Soul Sucker by Kayla Maurais

Soul Sucker by Kayla Maurais

Author:Kayla Maurais [Kayla Maurais]
Language: eng
Format: epub
Publisher: Kayla Maurais
Published: 2023-03-13T00:00:00+00:00


An unsteady stream of lukewarm water washes over me.

Whether it was ever hot to begin with is a mystery. I press my forehead against the scum-crusted tile. Sudsy clumps of muscle matter clog the drain. It catches on my toes.

I grimace and shake it loose. There’s nothing more I could have done today. According to Dash, taking the night off is acceptable. Doing absolutely nothing for a little bit is too.

So, why does it feel like we’re giving up?

Why does it still feel like we’re wasting time?

I flip the faucet, and the trickle of water lessens to a steady drip. I draw back the curtain and fumble for the towel to dry myself off. It’s stiff and scratchy, and it barely does the job. In the mirror, I wipe a clean streak. My reflection comes into focus. My hair, which usually sits past my shoulders, is now a tangled mess. The dark circles under my eyes have deepened.

I prod the small gash in my lower lip. I’m not sure when it happened. Maybe I sliced it at the Bone Bridge, or maybe it happened in Lake Ichor. Either way, the cold compresses and ointment from my healing kit are long gone.

I settle for a bit of toilet paper and dab it dry the best I can. As I toss the crumpled paper, I notice a heap of other paper in the can. A whole mess of it, soaked in black blood.

Question is—Dash’s or Euphoria’s? My stomach churns. Not Dash. He still has time. He’s okay. But for how long? He and Euphoria mentioned a cure, and I can hypothesize based on what I know about parasites all I want, but without doing more research, I know nothing about the damage it could pose to Dash.

If the troll Gallivant hadn’t gotten soaked, I could have contacted Dad, Mom, or even Aunt Merik for help by now. An extraction, further instructions—anything.

But we have nothing. No one. That scares me. Leaves me desperate. Vulnerable.

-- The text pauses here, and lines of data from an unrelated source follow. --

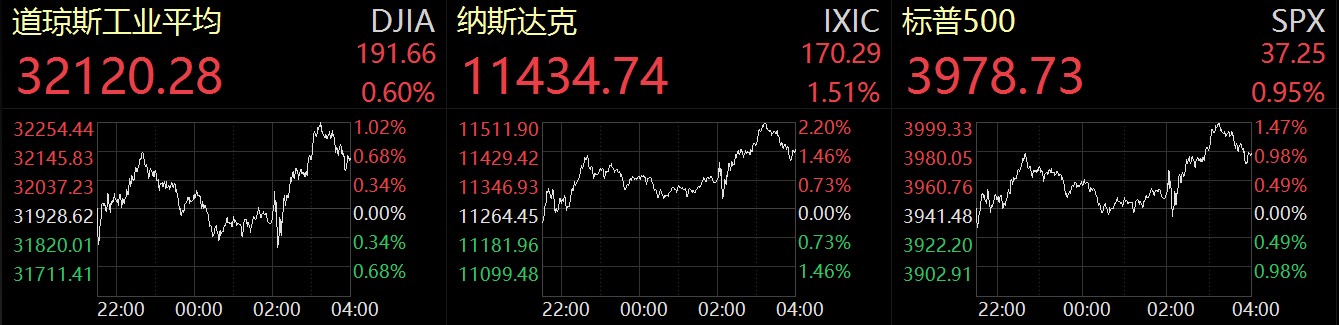 受此消息影響,當(dāng)?shù)貢r間5月25日,美股三大指數(shù)尾盤集體拉升,截至收盤,三大指數(shù)集體收漲,道瓊斯指數(shù)漲0.6%,報32120.28點(diǎn);標(biāo)普500指數(shù)漲0.95%,報3978.73點(diǎn);納斯達(dá)克指數(shù)漲1.51%,報11434.74點(diǎn)。
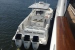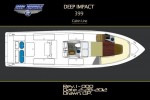 Deep Impact 399 open fisherman comes equipped with large T-top, side door, air conditioning in head compartment, towing eye for towing boat behind the yacht. The Deep Impact has been custom painted to color coordinate with the yachts’ motif.
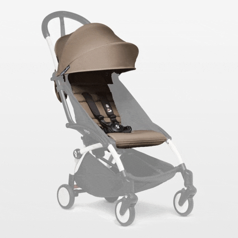 Paketë për bebe 6+ muajsh, e montueshme në YOYO2. Komode, e lehtë dhe e palosshme, me kapuç UPF 50+ dhe rrip sigurie.
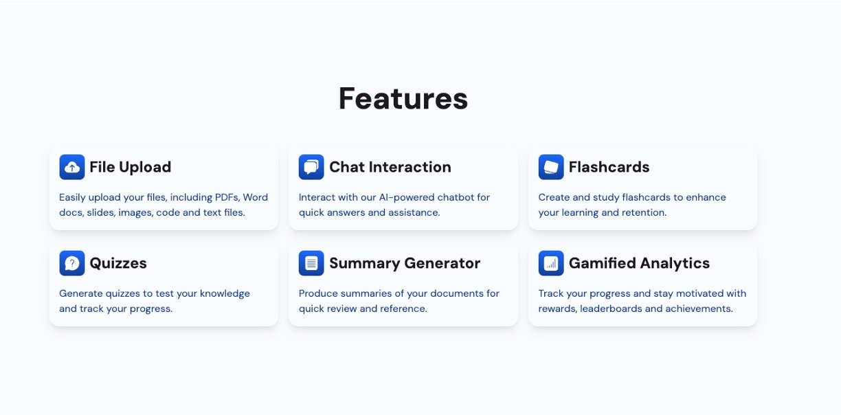 Instantly create quizzes, flashcards, and summaries from any study material.
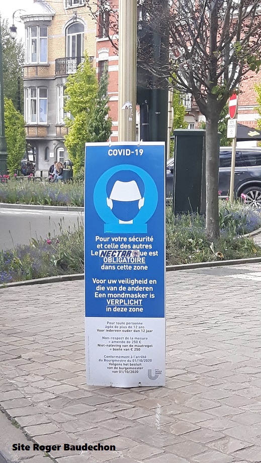 Corrigé. Dans cette zone de Uccle, le masque est obligatoire. Mais c'est non sans humour que certains habitants ont "déguisé" les panneaux. Notons tout de même qu'il n'y en a pas 7/10 qui portent l'accessoire exigé !!!
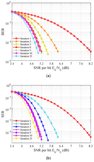 In a phase noncoherent channel with different iteration numbers, the BER, SER, and PER performance of the exact LLR in (8) are shown in Figure 5, where , . It can be seen from Figure 5 that when the maximum number of iterations is increased from 1 to 25, the BER, SER, and PER performance can be improved under fading channels. In particular, as shown in Figure 5a, when BER = , as the maximum number of iterations increases from one to three, the SNR gain is approximately 2 dB; when the maximum number of iterations is increased from three to five, the SNR gain is approximately 0.6 dB; when the maximum number of iterations is increased from five to eight, the SNR gain is approximately 0.3 dB; when the number of iterations is increased from eight to ten, the SNR gain is about 0.1 dB. Furthermore, after eight iterations, the performance can meet the requirement of the receiver. Additionally, the improvement is so small when the iteration ranges from 10 to 25 that we set the maximum number of iterations to be 10.
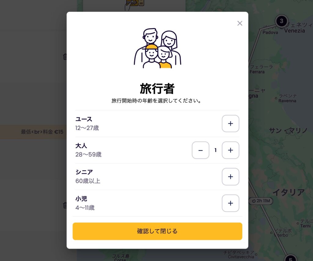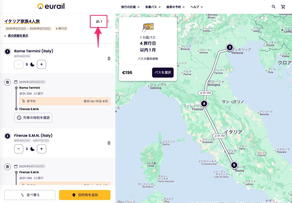 旅行タイトル横の人型アイコンをクリックすると、旅行者数を入力できます。
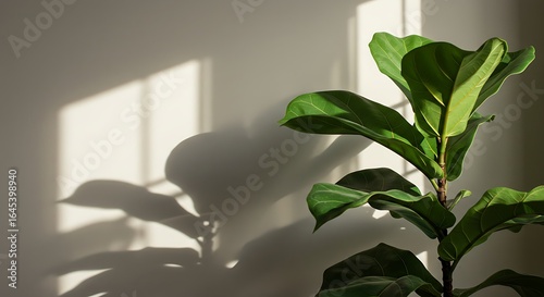 Fiddle leaf fig plant in a pot with sunlight and shadow on the wall
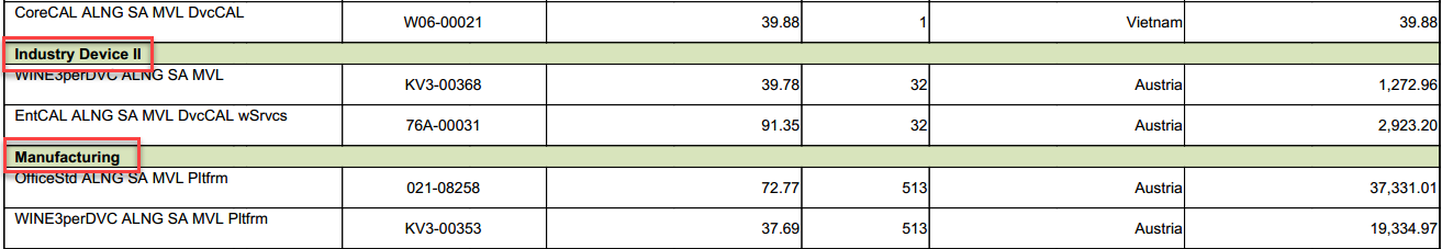 Typically profiles and tenants can be found as a subsection in CPS. Profiles can be found in both “SECTION 1. Licenses and Software Assurance” and “Future Pricing”. Please note that the “Enterprise” subsection should not be treated as a profile and will be automatically added in the Wizard. Please inspect the below screenshot from a sample CPS with “Industry Device II” and “Manufacturing” profiles.
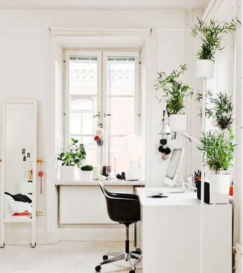 洁白的墙、质感的木桌,阳光洒满的窗边,这样的角落很北欧很清新。而这样的美当然少不了“自然”的点缀。在窗边白墙,很轻松的设立白色搁架,将所爱的小盆栽随意安置,纤细青绿的植物细叶,让明媚的角落更为生动活泼。
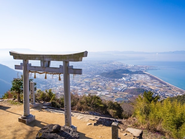 「天空の鳥居」と呼ばれて人気の高屋神社。標高404mの稲積山の頂上に建てられている鳥居です。眼下には観音寺市内と瀬戸内海の美しい景色が広がります。四国八十八景にも選出されています。
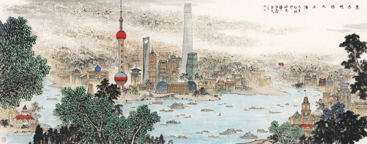 据了解,此次画展共展出了杨留义多年来精心创作的城市山水画作品50余幅,其中有表现广州印象的《广州吉祥》,反映雪域高原的《天骄西藏》,体现香港发展变化的《十载辉煌》,展现郑州新区面貌的《中原古都换新姿》,刻画燕赵大地的《祖国首都——北京》《燕山揽胜》《燕山脚下马营子》《大美承德》,以及展现不同城市风采的《旭日东升 大美青岛》《古都西安》《澳门吉祥》《东方明珠大上海》《祖国宝岛台湾》等,这些作品均反映了祖国大好河山与现代化不同城市文化建设相结合的大格局、大气象、大境界。
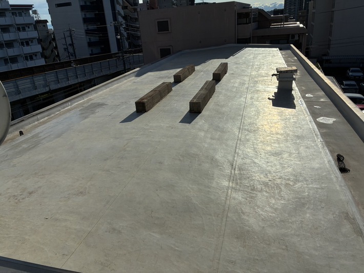 名東区 T社様 屋上防水改修工事 << 前の事例へ|次の事例へ >> 一覧に戻る ポイント 下地処理後、プライマーを塗布し、補強布を積層することで防水層の強度と耐久性を向上。ウレタン主材を2層塗布し、均一な膜厚を確保することで、ひび割れへの追従性と長期的な防水性能を実現しました。補強布密着工法ZHM-200M工法 エバーコートZERO-1HDSM-200LM工法 DSカラー ギャラリー ※クリックすると画像が拡大されます。 << 前の事例へ|次の事例へ >> 一覧に戻る
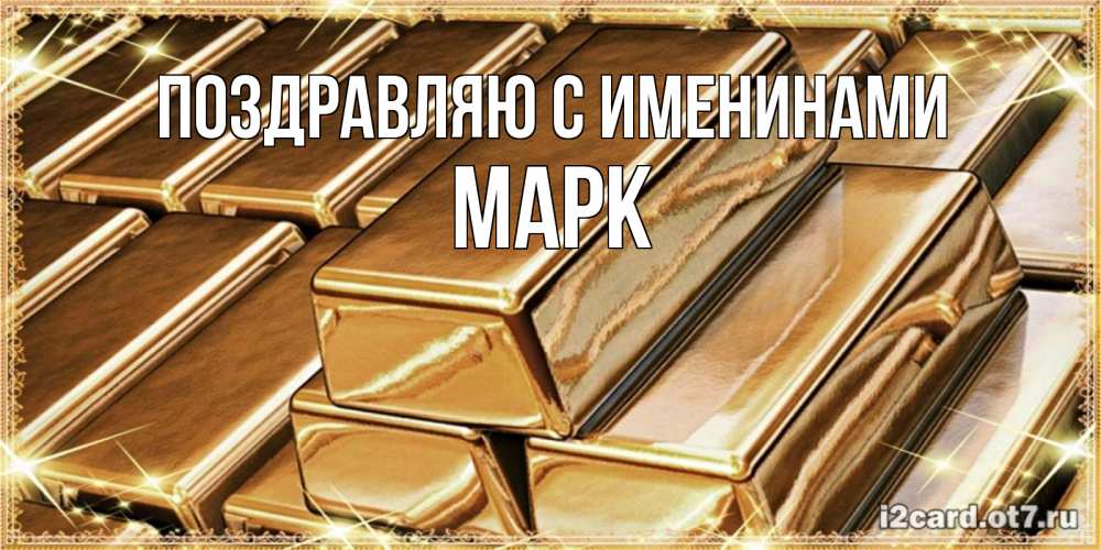 Открытка Поздравляю с именинами Марк. золотые слитки на день рождения. поздравления на день рождения с пожеланиями богатства
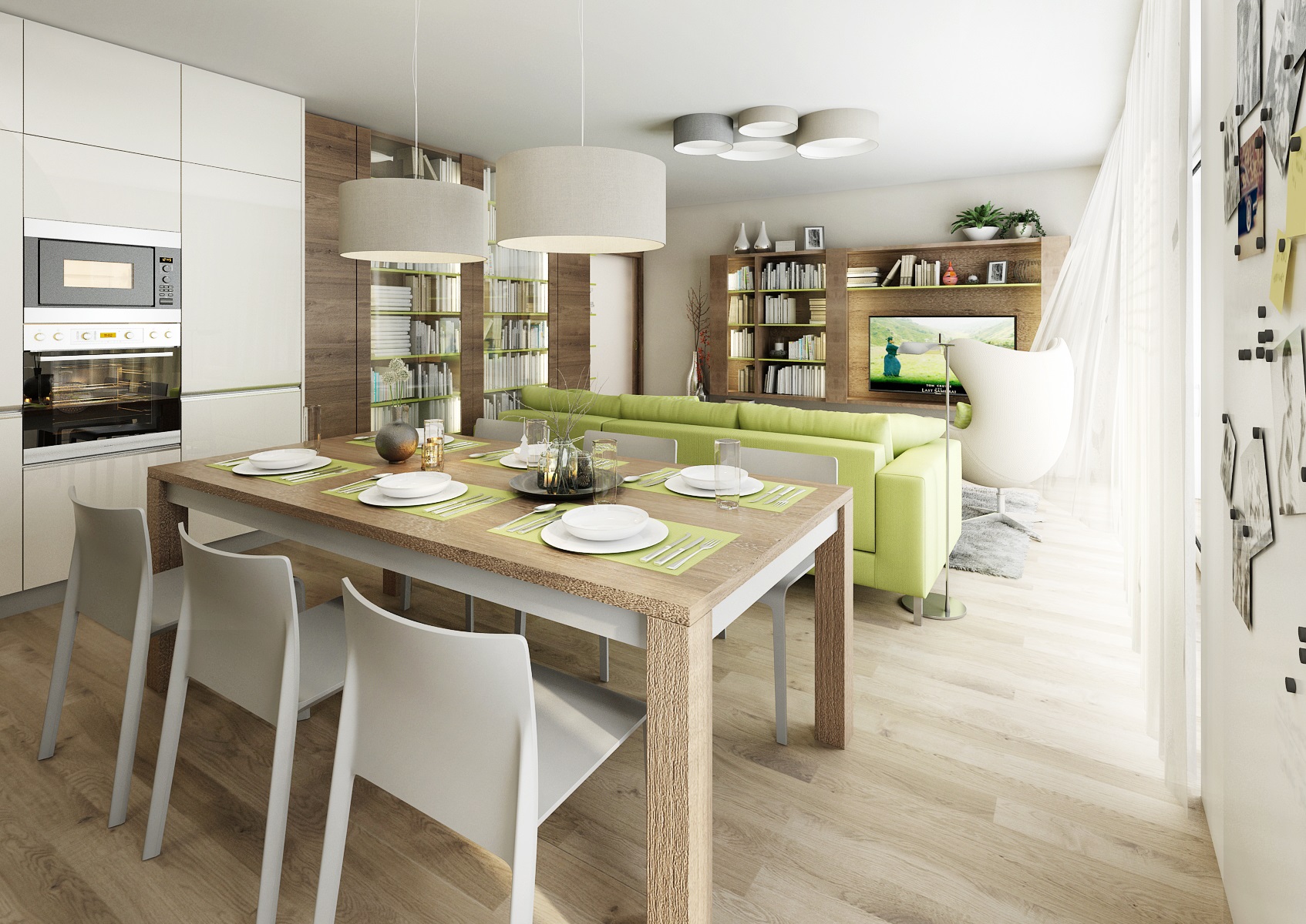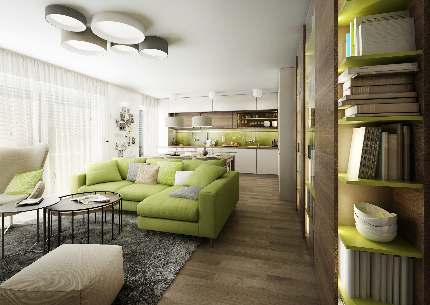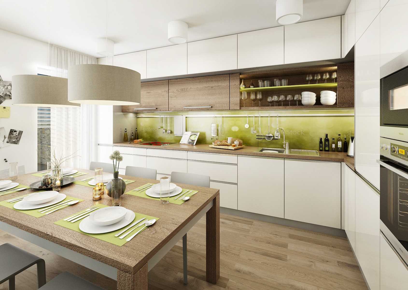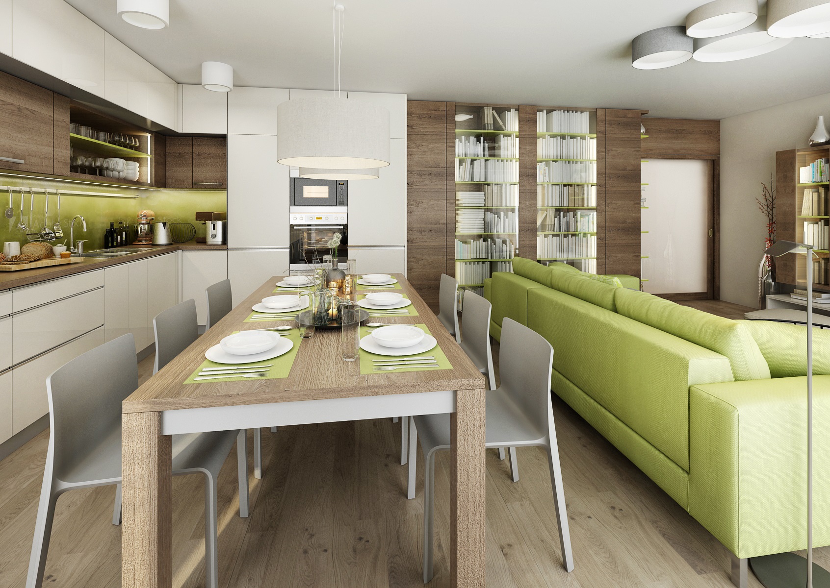 Interiér je v kombinaci bílého lesklého lamina a tmavého kouřového dubu. Pro docílení zajímavého efektu jsou otevřené police vyvedeny v zelené barvě. Zelenou vidíme i pohovce a na obkladu stěny u kuchyňské pracovní desky, kde je použito kalené sklo s polepem na míru (grafika z databanky výrobce). Jako doplňková barva je zvolena jemná šedá na textilu a plastových židlích u jídelního stolu.
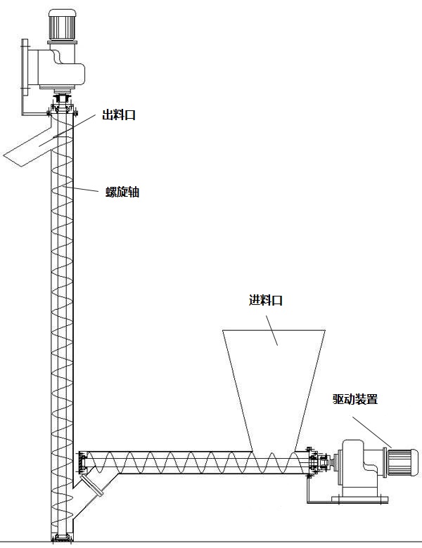 立式螺旋輸送機由水平進料螺旋和垂直喂料螺旋組成。
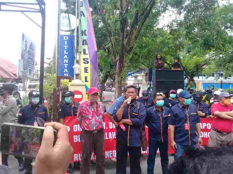 Banjarmasin, BARITO – Kamis ( 24 / 6/202) pagi Kantor Polda dan Kejati Kalsel disambangi massa dalam dua kelompok berbeda

Mom and Dash like that word. Dad despises it with his entire being. I know why. Gods, I know why. Because being vulnerable SUCKS. Not even in the manner of being a perfectly polished leader or an Enforcer. Vulnerability causes you pain. It makes you weak and emotional. It lowers your guard. It clouds your judgment and makes you impulsive.

I can’t afford to be any of that right now.

A pile of items has been left for me by the door. Dash hasn’t been able to stretch his fingers recreationally since we arrived, and I bet the urge to pull was pressing, but this is more than I expected. A new set of clothes, including a long plum cardigan and knee-high boots, sturdy enough to make a getaway in pressing situations. Atop the clothes is a pouch of lunar root capsules that I’m assuming will stop my bleeding because there isn’t anything else to, an amethyst crystal necklace on a leather cord, two bars of chocolate, a new hairbrush with elastic ties, and a roller bottle of lavender essential oil perfume.